Come spesso accade, la somma di due sconfitte ha generato una catastrofe. Il presidente poco sopportato in patria e il giornalista in cerca di ossigeno per la sua rachitica audience, in coppia, sono risultati peggio che da soli. E va bene che ormai dire ‘talk show’ è come dire ‘tirannosauro’. Ma perché incrudelirsi con l’esplosione del nulla oltre i confini del niente? Quei due – ieri sera – sono andati avanti imperterriti, per ore, nella parata dei luoghi comuni senza suscitare un lampo di interesse, come certificano i dati ascolto.
Un dialogo di muti per sordi.

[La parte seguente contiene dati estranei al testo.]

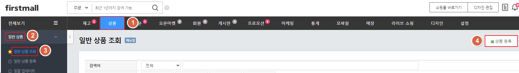 '상품 > 일반 상품 > 일반 상품 조회'에서 상품 빠른 등록을 통해 등록한 상품의 세부내용을 작성하여 상품등록을 완료합니다.

Rosario ha rinnovato la sua sapienza a dispense, chiacchierando da corsista serale di Isis, sicurezza, elezioni presidenziali, e sempre omettendo di pronunciare l’unica parolina davvero necessaria: “Sicilia”. Nicola gli è andato dietro, scompigliando il suo già caotico eloquio con scatti nervosi delle mani per ravviare i capelli imbrillantinati.
La malinconia dell’attimo – purtroppo non abbastanza fuggente – veniva plasticamente raffigurata dal pallore di Vittorio Feltri, presente e attonito: Rosario balbettava di tagliagole, benzinai che sparano, forze dell’ordine; e Nicola gli danzava intorno alla vana ricerca un ciuffo di gravità permanente. Mentre si raddoppiava il nostro lutto, di siciliani e telespettatori. Non c’è rimasta nemmeno l’allegria del naufragio.